Here is another example of our stupid immigration policies, which allow characters like the one below to string us along and make taxpayers pay for their abuses. It is time for major policy changes as to who can access the system.
U.S. drug convict pleads to stay
Man who aided meth production argues his actions are legal in Canada
Kim Bolan
Vancouver Sun
Monday, April 14, 2008
METRO VANCOUVER - Surrey resident Ibrahim Mohammad Al Husein admits he provided a large quantity of ephedrine to a U.S. gang wanting to make crystal meth.
He pleaded guilty in a U.S. court and served a year in jail.
But now his lawyer is arguing in the Federal Court of Canada that the Jordanian national should not be excluded from remaining here because his U.S. crime is not illegal in Canada.
Blake Hobson argued before Judge Dolores Hansen in Vancouver last week that because supplying precursor chemicals like ephedrine for illegal drug production is not made a crime in the Canadian Criminal Code, it should not be held against Al Husein, who lives in Surrey with his wife and step-daughter.
"If the claimant's conduct is not criminal in Canada, then it cannot be used for the basis of his exclusion," Hobson said during a two-hour hearing. "Any way you look at it, possession of ephedrine in Canada is not a crime."
Al Husein has been ruled inadmissible by the Immigration and Refugee Board because of his U.S. conviction. One board member said that because al Husein admitted to a role in the scheme to make methamphetamine, he was part of a "conspiracy" to produce an illicit drug, which is in fact against the law in Canada.
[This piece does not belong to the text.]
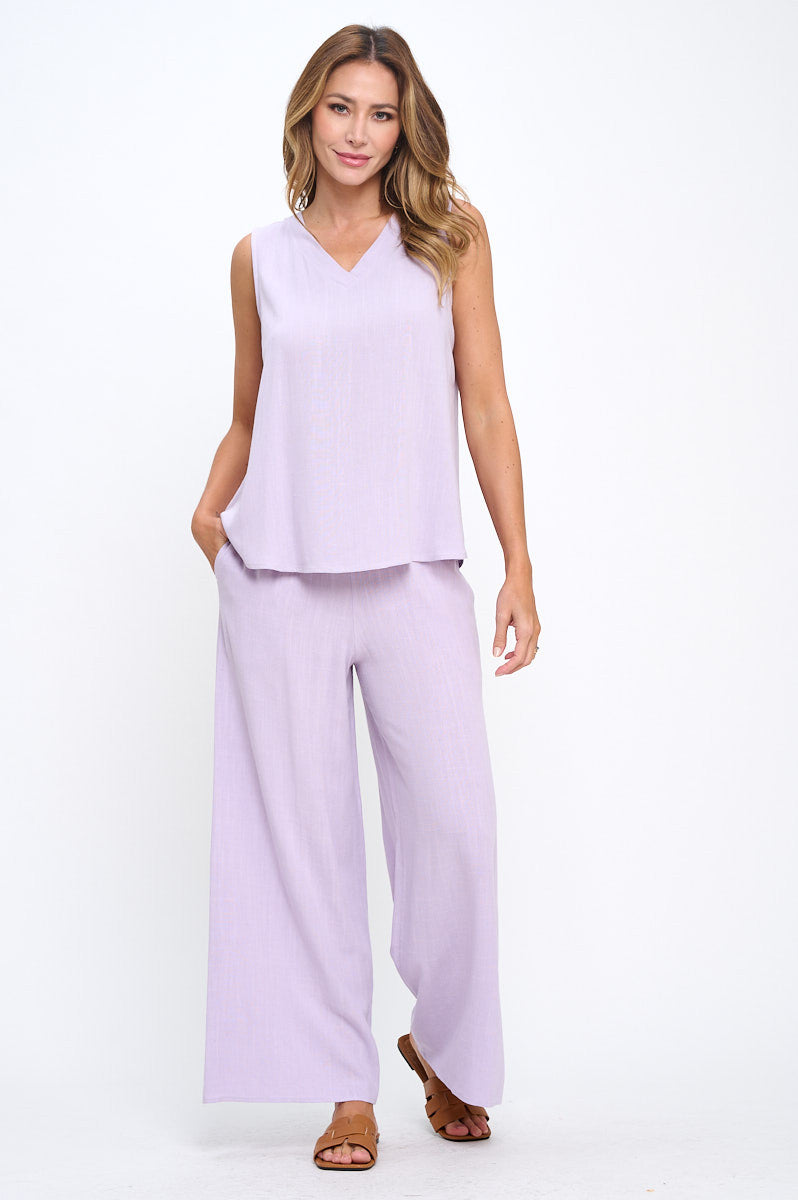 Linen Solid V neck Sleeveless Top-New Arrival-Reneecollection-Small-LAVENDER-Urbanheer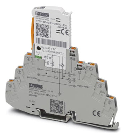 15. Ochronnik przeciwprzepięciowy 30 V DC na szynę DIN Phoenix Contact Urządzenie ochrony przeciwprzepięciowej 10kA 968.02

Al Husein was considered a bit player in a bigger drug gang when he was caught in the U.S. in March 2000 with 17,000 pseudoephedrine pills and $81,380 cash.
His lawyer now says that that even though Al Husein "had the intent when he had the ephedrine to manufacture methamphetamine, that falls short of the test of a conspiracy."
"A conspiracy requires proof of an agreement," Hobson said.
Law enforcement agencies in Canada have complained that crime groups are legally importing large quantities of precursor chemicals to make both meth and ecstasy in clandestine labs. Much of it is shipped to the U.S. where the same precursors are illegal.
Federal immigration lawyer Nanafsheh Sokhansanj said Husein was rightfully excluded by the IRB because of his admitted criminality and involvement in what would amount to a conspiracy to make illegal drugs.
"Agreeing with someone to produce methamphetamine is a crime," she argued.
Sokhansanj told Hansen there does not have to be an identical offence in Canada to correspond with someone's conviction in another country in order to deem the claimant inadmissible in Canada.
The other issue is whether Al Husein officially completed his U.S. sentence. While he finished the jail time, he was deported to Jordan before completing five years of probation.
Hobson said Al Husein can't be blamed for the fact he was forcibly deported from the U.S. before the probation period ended.
But Sokhansanj said it is clear from the record that the Surrey man voluntarily agreed to be deported in order to avoid spending time in immigration detention. A warrant remains out for him in the U.S., she said, because of the probation breach.
Hansen reserved her ruling in the case.
Al Husein landed in Canada in 2002 after his U.S. jail stint and a brief period back in Jordan. He claimed refugee status on the grounds of religious persecution, stating his family and others had threatened him after he found Christianity.
But he remained on the radar of police on both sides of the border because of his association with others believed to be procuring chemicals for drug gangs to make meth.
The Americans tried to extradite him and two associates again in 2003 after more evidence surfaced of a conspiracy to smuggle hundreds of kilos of pseudoephedrine pills into the U.S.
Al Husein swore an affidavit in his refugee case on the collapse of the second set of U.S. charges, saying: "The extradition proceedings against all of us were completely dropped in November of 2003 when it was conceded that the U.S. could not even establish a prima facie case against anyone."